Aynı zamanda Avrupa Merkez Bankası (ECB) Yönetim Konseyi üyesi de olan Weidmann, Frankfurt’ta Bundesbank tarafından düzenlenen “Merkez Bankacılığında Sınırlar – Geçmiş, Bugün ve Gelecek” konulu bir konferansta konuştu.
Merkez bankaların kriz dönemleri
Weidmann, konuşmasında alışılmadık para politikalarının faydalarına ve sınırlarına, merkez bankalarının kriz dönemlerinde oynadığı role ve yeni teknolojilerin merkez bankalarını gelecekte nasıl şekillendireceğine değindi.
Merkez bankalarının, büyük miktarda ülke tahvilleri satın alarak, uzun vadeli faiz oranlarını aşağı çekebilecek durumda olduğunu belirten Weidmann, bunun ek para politikası teşviki sağlayacağını ancak muhtemelen bir devleti en büyük kreditör yapacağını dile getirdi.
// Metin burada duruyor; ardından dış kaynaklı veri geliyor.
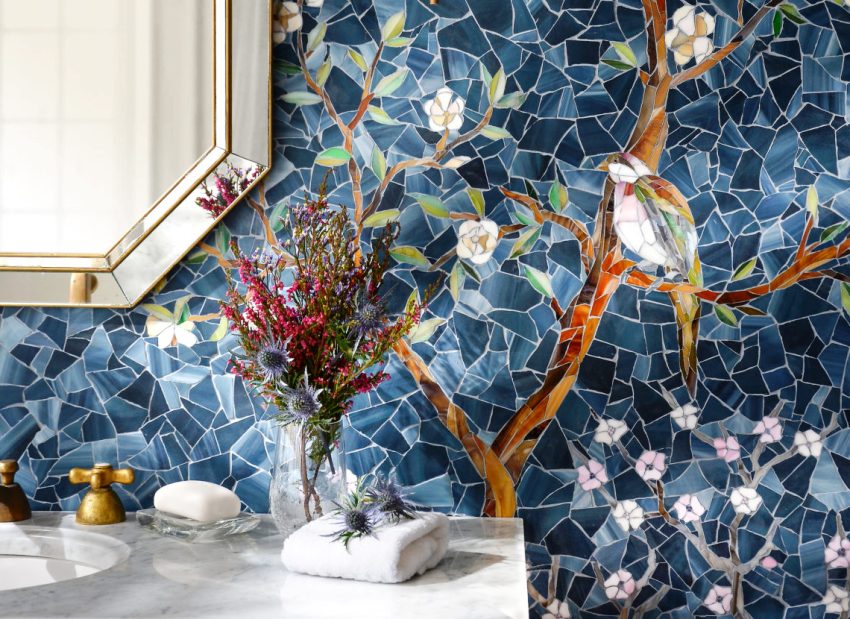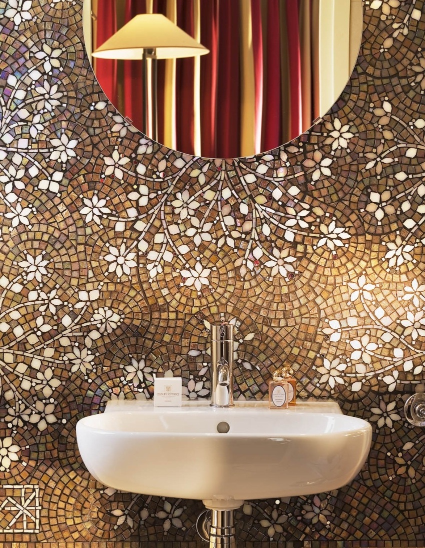 İç mekanda cam mozaik kullanımı artık çok önemli, böyle bir kaplama mekana olağanüstü ve gizemli bir karakter verebilir

Devlet tahvil alımlarının para ve maliye politikası arasındaki tüm önemli sınırları bulanıklaştırdığına dikkati çeken Weidmann, “Günün sonunda bu durum, Eurosystem’e çok genişlemeci para politikasını uygun olandan daha uzun süre devam ettirmesi için politik baskı uygulanmasına yol açabilir.” değerlendirmesinde bulundu.
Weidmann ayrıca varlık alımları bağlamında, para politikasındaki değişikliklerin, hükümetlerin finansman maliyetlerini faiz oranlarının hareketlerine kıyasla daha doğrudan etkilediğini belirterek, “Ve bunlar sermaye piyasalarının hükümet maliyesine disiplin etkisi göz önüne alındığında doğal olarak da daha sorunludurlar. Farklı ülkeler arasındaki risk farklılaşması önemli ölçüde azaldığı için, bu özellikle Euro Bölgesi için bir risk oluşturmaktadır.” diye konuştu.
Toplamda 2,3 trilyon avroluk varlık alım programına devam eden ECB, bölgede fiyat istikrarını sağlamayı hedefliyor. Ancak bankanın uyguladığı tedbirler arasında bulunan çok düşük faiz oranları ve parasal genişleme olarak adlandırılan varlık alım programı özellikle Alman politikacılar ve ekonomistler tarafından eleştiriliyor.